- The risk-off mood, sliding US bond yields assisted gold to gain some traction on Wednesday.
- The underlying bullish sentiment around the USD kept a lid on any further gains for the metal.
Gold quickly reversed an early Asian session dip to weekly lows and was last seen trading with modest gains, just above the $1730 level.
A combination of supporting factors assisted the precious metal to gain some traction on Wednesday and recovered a part of the previous day’s losses. This also marks the first day of a positive move in the previous three, though any meaningful upside still seems elusive.
Investors remained cautious amid a spike in COVID-19 infections and a string of renewed lockdown measures in Europe. This was evident from a weaker trading sentiment around the equity markets, which was seen as one of the key factors that benefitted the safe-haven XAU/USD.

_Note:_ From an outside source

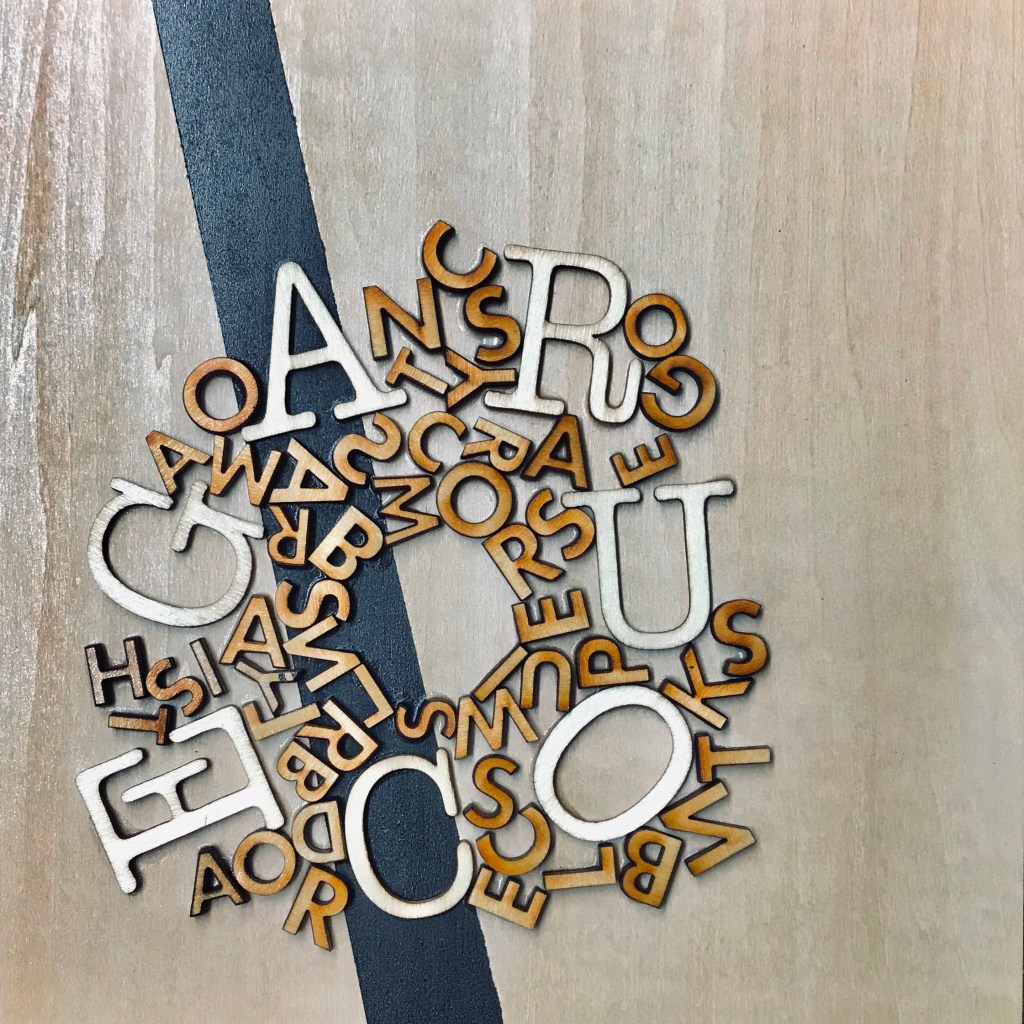 My nephew and his wife have started a new business making items with a glow forge. The forge allows them to cut wood, acrylic and etch metal. When I visited this last weekend they gave me a bag full of random leftover letters from signs and items. I brought it all home and created this piece by gluing the random leftovers to a wood canvas. I think it turned out pretty awesome, is very striking and the word courage reminds me that doing something new takes courage.
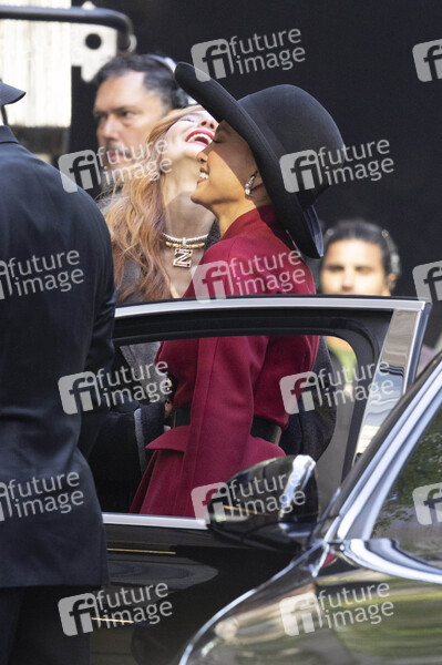 Isabel May und Jennifer Lopez bei den Dreharbeiten zum Kinofilm 'The Last Mrs. Parrish' am Rockefeller Center. New York, 10.10.2025

The risk-off mood, along with easing inflation worries contributed to the ongoing slide in the US Treasury bond yields. In fact, the yield on the benchmark 10-year US government bond retreated further from over one-year tops and extended some additional support to the non-yielding yellow metal.
The Fed Chair Jerome Powell, testifying before the House Financial Services Committee on Tuesday, downplayed the risks that economic growth would spur unwanted inflation. Powell, however, remained optimistic about the outlook and expected the economy to surge in the coming months.
Meanwhile, the supporting factors, to a larger extent, were offset by the underlying bullish sentiment around the US dollar. This seemed to be the only factor capping gains for the dollar-denominated commodity, warranting some caution before positioning for any further gains.
Market participants now look forward to the release of flash PMI prints from the Eurozone and the US. This, along with Powell’s second day of testimony before the Senate Banking Committee, might influence the USD price dynamics and produce some trading opportunities around the XAU/USD.